This just happened to a friend of mine a few weeks ago, and I could not believe she put up with the incompetence. She’s a real-estate broker, who has a small, typical R-E website – listings, contact forms, lead-generators, mortgage calculators, how-to information for potential customers. The site works well, does what it needs to, generates leads and also showcases her most recent deals. Simple, effective, a solid marketing mechanism, with a few forms on it.
Briefly, here is what happened: her hosting company didn’t bother installing a secure certificate on the host/domain. They didn’t bother to do it in October 2017, when Firefox browser has started identifying non-secured sites as ‘unsafe’. They didn’t bother to update any language about information privacy back in May 2018, when GDPR legislation came into effect (some of her real-estate customers are international, targeting European customers). And they didn’t install anything back in July 2018, just two months ago, when Google’s Chrome browser started showing alerts about websites without proper SSL certification.
Here’s the kicker: she found out about this issue, when one of her clients pulled out of a deal because they visited her website and saw an alert, and assumed the site was fraudulent.
By the time things were sorted out, the hosting company, after making some lame excuse about SSL being optional and expensive, and ‘you don’t need it anyway, but we’ll do a favor for you’ – installed everything, she lost at least another client, with the same explanation.

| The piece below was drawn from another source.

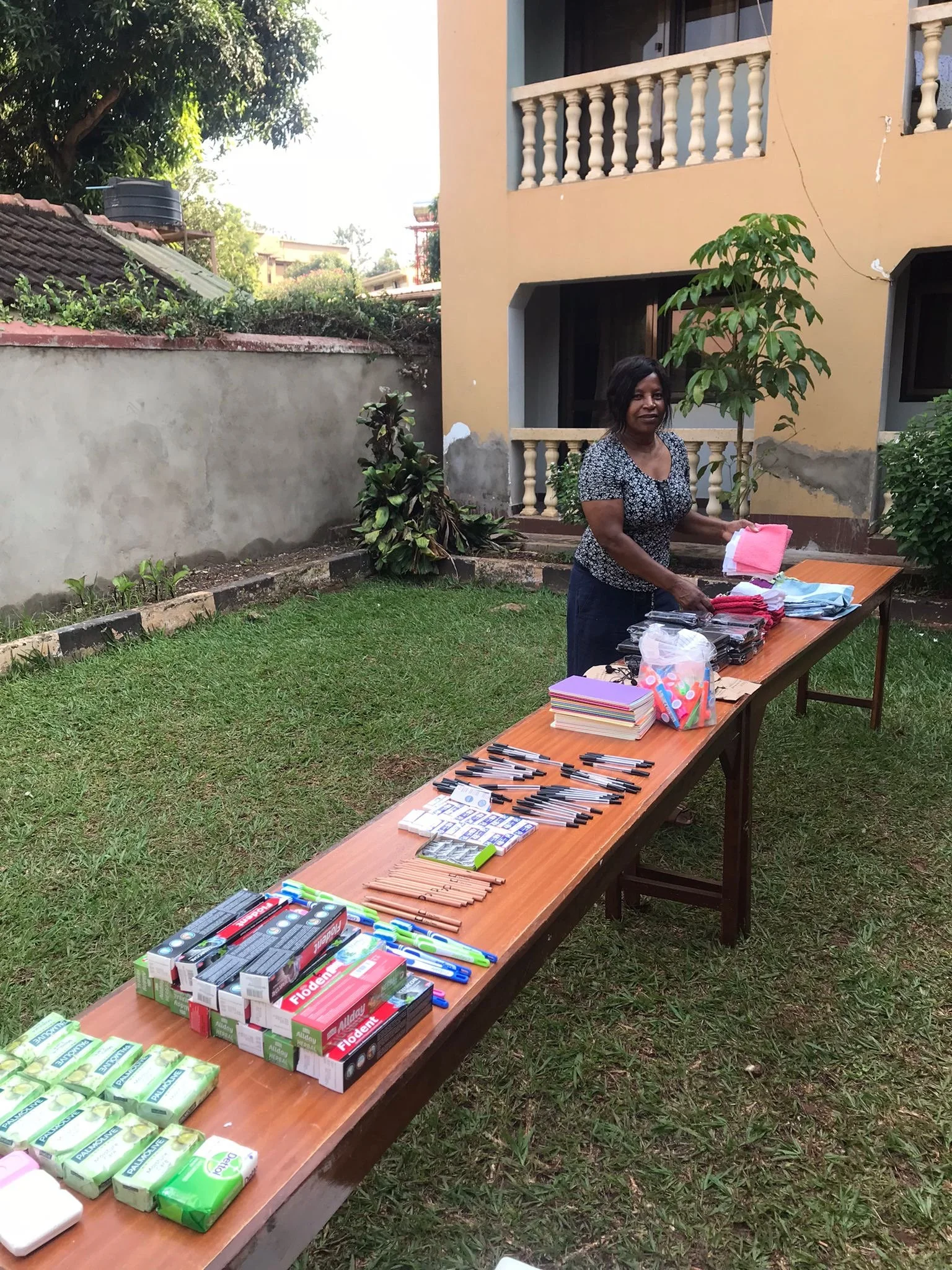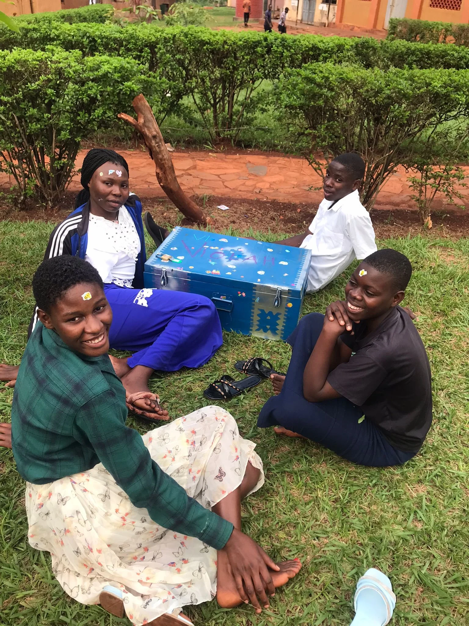 /The day started with devotions at the bottom garden, it was a bit dull to start with but by the time we had finished breakfast it was the start of a lovely sunny morning. We adjourned to the top garden to prepare gift bags for the 20 new students. We met up with them later in the afternoon. We also made up 35 bags for the girls who'll be living in the newly decorated dorm. We got to NVI at 1.30 pm and laid out all the gifts and metal trunks. We met all the UgandAid and Steve spoke to them all about what we’ve expected of them while they’re studying at NVI. After the second and third years had gone back to their afternoon lessons, we then proceeded to the mango tree to talk with the first year. They’re all a lovely bunch of students willing to learn, to make a better life for themselves. Some of them are very shy but who ain’t when you’re moving into somewhere out of your comfort zone, they were all very pleased with what they were given, they began to decorate their trunks and flasks and mugs.

Two real-estate deals vanished, just like that. In a space of a day or so.
She doesn’t know how many more good leads were turned away by that padlock icon in the browser. She didn’t know it was mandatory, especially on a website that’s clearly collecting information from users, and conducts business online. She had to reach out to her hosting provider, and request a simple, inexpensive feature that usually comes standard by now. It’s Autumn 2018 – not only SSL comes standard, you can get free SSL certificate for life from most hosting companies.
She’s staying with the current hosting company for now, but I’m sure that relationship is damaged – it cost her real commissions, possibly reputation – and it was an avoidable problem, easily fixed.
How many other small businesses are tripping over these issues? To me, this is a simple ‘proactive vs. reactive’ approach to technology. It’s not enough to just build what you have, and support what you (or your clients) have. You need to stay ahead of technology changes, and regularly advise, upgrade, update, iterate. And you need to communicate to your customers, no matter their size and budget, to get those updates done on time.
Get your site secured!
Get your site mobile (or multi-platform)!
Get your site into search engines!
Get your site into social platforms!
Get your customers where they need to be, whether they know about it or not. Simply taking their money without any regard of the site’s vulnerabilities, performance issues or risks – is lazy, unprofessional, and will cost them (and you) a lot of money down the road. Be proactive with your sites and servers.